Dalam spirit inilah, akan lahir sebuah pemahaman baru yang dapat menjadi energi positif bagi bangsa ini untuk perbaikan menuju negeri yang baldatun thayyibatun warabbun ghofuur . Belajar dari kasus pembangunan masyarakat Madinah oleh Nabi Muhammad, kita pun dapat mencontohnya untuk memperbaiki bangsa dan negara ini di masa mendatang. Setidaknya, ada beberapa hal yang harus menjadi perhatian segenap elemen bangsa ini.

Spirit kosmopolitanisme yang ditancapkan Nabi SAW di Madinah harus dijadikan modal penting dalam mencipta babak baru kebudayaan dan tradisi di Indonesia. Karena, Indonesia sekarang sedang kehilangan jangkar nilai yang dapat dijadikan sandaran dalam penciptaan kreasi kebudayaan dan peradaban sehingga bangsa Indonesia mampu menapaki jalan pencerahan di masa depan. Dengan demikian, Indonesia diharapkan bisa bersaing dan sejajar dengan negara-negara modern di dunia.

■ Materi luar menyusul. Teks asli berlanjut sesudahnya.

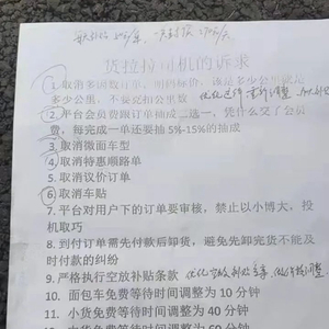 《豹变》向身在东莞参与停运的李师傅了解到,那三天整个东莞的司机基本都停止接单了。他向《豹变》展示了司机的诉求,包括“取消多因素订单”“平台会员费和订单抽成二选一”等十几条要求,多是围绕平台低价订单和抽成费用等问题。

Sebagaimana argumentasi Abdurrahman Wahid (Gus Dur) bahwa, kosmopolitanisme Islam hakikatnya lebih mementingkan pemahaman ma haula al-nass (around the text), dan bukannya berhenti dalam ma fi al-nass (in the text) dalam memahami Islam. Artinya, Islam bukan sebatas teks namun juga berarti konteks, yang secara aplikatif oleh Gus Dur di wujudkan dalam dharriyat al-khamsah (lima hal dasar yang dilindungi agama).

Kelima hal dasar itu adalah: 1) hifz al-din; keselamatan keyakinan setiap agama; 2) hifz al-nafs; keharusan keselamatan fisik warga masyarakat dari tindakan anarkis dan teror; 3) hifz al-aqli; pemeliharaan atas kecerdasan akal; 4) hifz al-nasl; keselamatan keluarga dan keturunan; dan 5) hifz al-mal; keselamatan hak milik, properti dan profesi dari kekerasan dan gangguan. Artinya, semakin saleh kaum muslim dalam menjalankan dharriyat al-khamsah, semakin kosmopolit kaum Muslim tersebut, yakni cenderung terbuka, toleran, dan modern.

Akhirnya, menjadi warga muslim Indonesia yang kosmopolit tidak harus melepas jubah keislaman, namun cukup dengan memoles jubah tersebut sesuai dengan kondisi yang dibutuhkan di masing-masing locus dan tempus seiring perkembangan modernitas dan globalisasi. Hal ini sejalan dengan kaidah al-Muhafadhotu Alal Qodimis Sholeh Wal Akhdu Bil Jadidil Ashlah (mengaktualisasikan nilai-nilai klasik yang masih relevan sembari mengambil nilai-nilai kontemporer yang membawa kebaikan). Bagaimanapun juga membangun Islam Nusantara sama dengan membangun Indonesia.